- Directed by: S. Karuppusamy
- Written by: S. Karuppusamy
- Produced by: C. R. Rajan
- Starring: Trivikram Priyanjali
- Cinematography: Akilan
- Edited by: Mohan Subbu
- Music by: Deva
- Production company: Divyashethra Films
- Release date: 5 August 2005;
- Running time: 125 minutes
- Country: India
- Language: Tamil

= Varapogum Sooriyane =

Varapogum Sooriyane is a 2005 Indian Tamil language drama film directed by S. Karuppusamy. The film stars Trivikram and Priyanjali, with Ahuti Prasad, Ramesh Kanna, Duraipandian, Seetha and Sathyapriya playing supporting roles. The film, produced by C. R. Rajan, was released in 2005.

==Plot==

The film opens with a village panchayat, the village head disowns his daughter Annapoorni (Seetha) for marrying the illiterate labourer Shanmugam (Ahuti Prasad). After giving birth to her son, Annapoorni dies but not before getting a promise from her husband that he will make their son an educated and respected man.

Many years later, Shanmugam's son Sakthivel (Trivikram) is a bright student who obtains a master's degree with distinction. Shanmugam wants his son to become an IPS officer. Kavitha (Priyanjali), the daughter of the local rich landlord, falls in love with Sakthivel. Kavitha's father (Duraipandian), who wants his daughter to marry an IPS officer, asks Sakthivel to marry his daughter. First reluctant, Sakthivel accepts after the insistence of Shanmugam. Meanwhile, Kavitha's uncle Karuppusamy (Ramesh Kanna), a nothing-for-good, wants to marry Kavitha at any cost. Sakthivel and Kavitha get engaged, and Sakthivel then leaves the village to attend the IPS interview in Delhi. The day of the wedding, Sakthivel returns to the village and announces that he did not attend the interview. Kavitha's father then cancels the wedding and Karuppusamy humiliates Sakthivel and his father in front of the villagers.

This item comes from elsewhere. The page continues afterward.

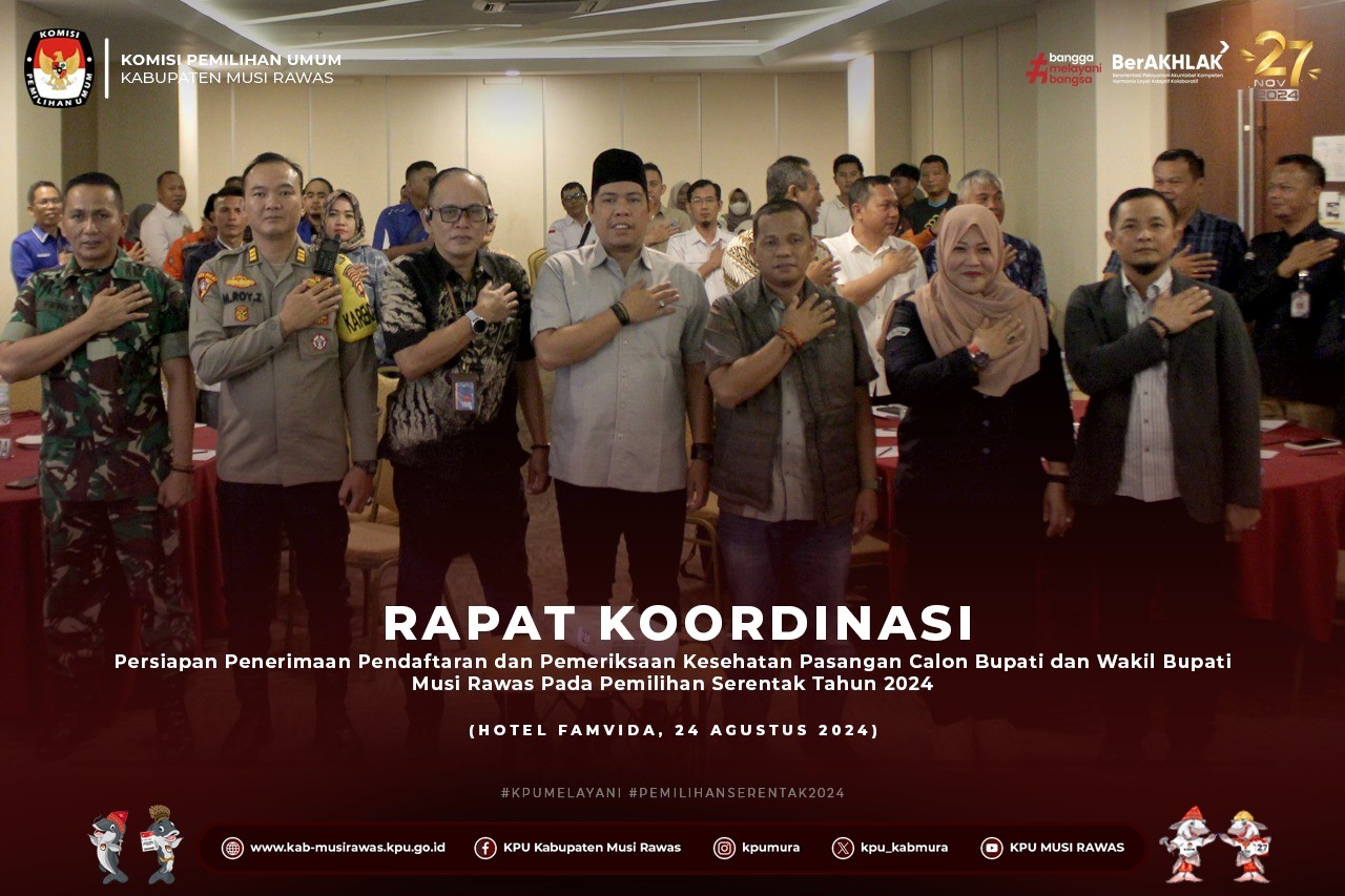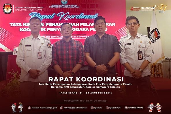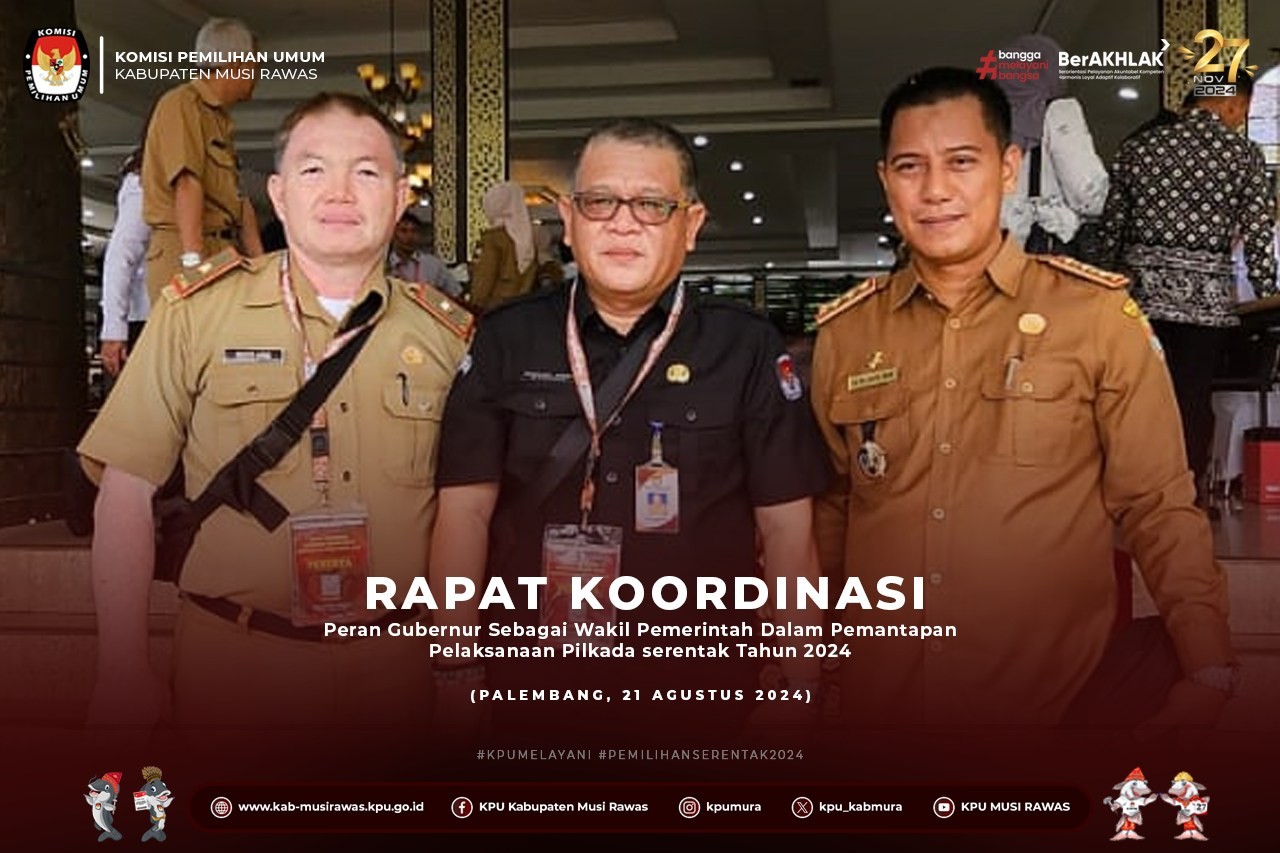 #TemanPemilih, KPU Kabupaten Musi Rawas Mengikuti Rapat Koordinasi Peran Gubernur sebagai Wakil Pemerintah Dalam Pemantapan Pelaksanaan Pilkada serentak tahu 2024 di Griya Agung, Rabu (21/8/2024).

Sakthivel explains to his father that he had to perform the last rites of his teacher (Gowthami Vembunathan) who took care of him when he was young. Therefore, he could not make it on time to attend the interview. Sakthivel promises his father and his lover that he will become an IPS officer and he gets a second chance to attend the interview. The day of the interview, Karuppusamy send goons to kill Sakthivel but Sakthivel manages to beat them all. Sakthivel returns to the village in a police uniform after passing the interview. The villagers praise Sakthivel thus making his father proud. Karuppusamy apologizes for his behaviour to Shanmugam and Kavitha's father accepts for the wedding.

==Production==
S. Karuppusamy, an assistant to K. Bhagyaraj, Vikraman, V. Sekhar and Arjun Sarja, made his directorial debut with Varapogum Sooriyane under the banner of Divyashethra Films. He introduced a new pair: Trivikram and Priyanjali from Telugu cinema for the lead pair. Ahuti Prasad, the Telugu artist was selected to play the role of the hero's father while Seetha played the hero's mother. "The film tells about how a son should respect his father and the way a father should bring up the son", claimed S. Karuppusamy, the director who had also written the story, screenplay and dialogues of the film.

==Soundtrack==

The film score and the soundtrack were composed by Deva. The soundtrack, released in 2005, features 6 tracks written by P. Vijay, Snehan, Kalai Kumar and Vijayasagar.

Tracklist
| No. | Title | Length |
|---|---|---|
| 1. | "Aaraaro" | 4:13 |
| 2. | "Koko Kokkara Kozhi" | 4:16 |
| 3. | "Enn Uthadu Enna" | 4:11 |
| 4. | "Vellaikaara Vellaikaara" | 3:54 |
| 5. | "Nongu Vikkura Kannamma" | 4:18 |
| 6. | "Kattikitta" | 3:35 |
| Total length: |  | 24:27 |

==Reception==
Sify described the film as "avoidable" and said, "It has clichéd scenes, melodrama, sweat and tears that you may have seen in so many village stories of the '80s. In the presentation, the film is outdated and totally predictable [..] There is nothing really to recommend in this film, even the music of Deva is a big letdown". A reviewer wrote, "Debutants Trivikram and Priyanjali are just ok. Ahudi Prasad, as the poor illiterate father has given a good performance" and added, "the movie lacks pace. Certain melodramatic scenes could have been avoided which would have made the film more presentable". Malini Mannath stated, "the whole set-up coupled with a storyline and a narrative style that would have suited the '60s more, rounding off into an unexciting adventure for the viewers".